─── Records for the task ───

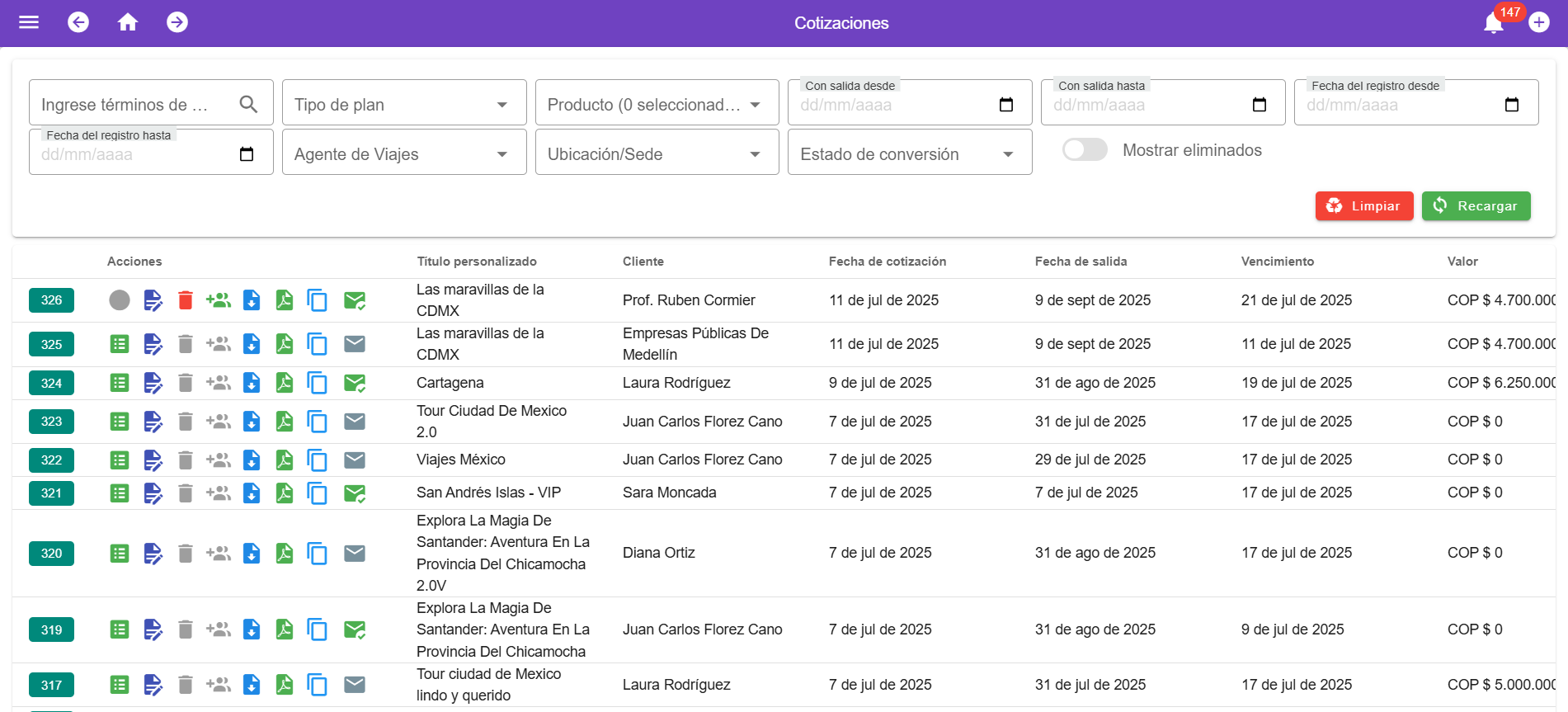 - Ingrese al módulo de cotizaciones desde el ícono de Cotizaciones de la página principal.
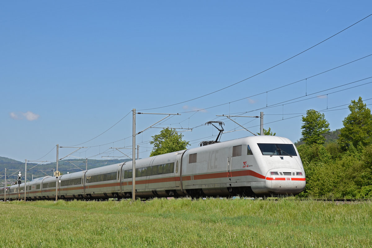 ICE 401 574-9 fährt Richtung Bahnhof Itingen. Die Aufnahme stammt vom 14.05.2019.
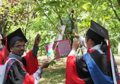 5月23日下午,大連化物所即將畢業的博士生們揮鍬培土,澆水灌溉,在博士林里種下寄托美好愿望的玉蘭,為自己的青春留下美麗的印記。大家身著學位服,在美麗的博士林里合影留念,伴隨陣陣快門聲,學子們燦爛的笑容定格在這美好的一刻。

───
─── Records for the task ───

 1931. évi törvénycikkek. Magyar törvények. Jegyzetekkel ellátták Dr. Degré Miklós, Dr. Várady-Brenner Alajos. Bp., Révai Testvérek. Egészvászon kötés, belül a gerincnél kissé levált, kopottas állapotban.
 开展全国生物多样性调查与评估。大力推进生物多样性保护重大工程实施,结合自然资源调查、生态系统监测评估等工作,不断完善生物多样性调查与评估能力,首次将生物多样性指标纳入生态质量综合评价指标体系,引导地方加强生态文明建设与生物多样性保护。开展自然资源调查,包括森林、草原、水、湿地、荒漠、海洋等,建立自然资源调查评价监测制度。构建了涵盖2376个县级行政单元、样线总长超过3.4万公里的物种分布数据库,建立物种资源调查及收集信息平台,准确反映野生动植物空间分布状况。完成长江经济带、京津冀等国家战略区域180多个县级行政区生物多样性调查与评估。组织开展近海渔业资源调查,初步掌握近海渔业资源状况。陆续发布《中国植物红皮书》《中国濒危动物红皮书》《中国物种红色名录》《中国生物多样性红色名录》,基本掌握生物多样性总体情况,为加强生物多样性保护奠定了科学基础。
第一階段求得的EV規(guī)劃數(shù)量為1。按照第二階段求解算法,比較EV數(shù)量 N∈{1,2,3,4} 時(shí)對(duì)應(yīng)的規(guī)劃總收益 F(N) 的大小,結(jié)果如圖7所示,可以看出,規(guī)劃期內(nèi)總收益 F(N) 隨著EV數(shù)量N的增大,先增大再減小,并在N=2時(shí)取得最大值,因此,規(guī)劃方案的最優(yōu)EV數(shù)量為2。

───

## [Instructions for the task]
Start at the line containing "ICE 401 574-9" above and stop at the line containing "5月23日下午,大連化物所即". Output those lines exactly, both included, but none of the pictures.

## [Exercise result]
 ICE 401 574-9 fährt Richtung Bahnhof Itingen. Die Aufnahme stammt vom 14.05.2019.
 5月23日下午,大連化物所即將畢業的博士生們揮鍬培土,澆水灌溉,在博士林里種下寄托美好愿望的玉蘭,為自己的青春留下美麗的印記。大家身著學位服,在美麗的博士林里合影留念,伴隨陣陣快門聲,學子們燦爛的笑容定格在這美好的一刻。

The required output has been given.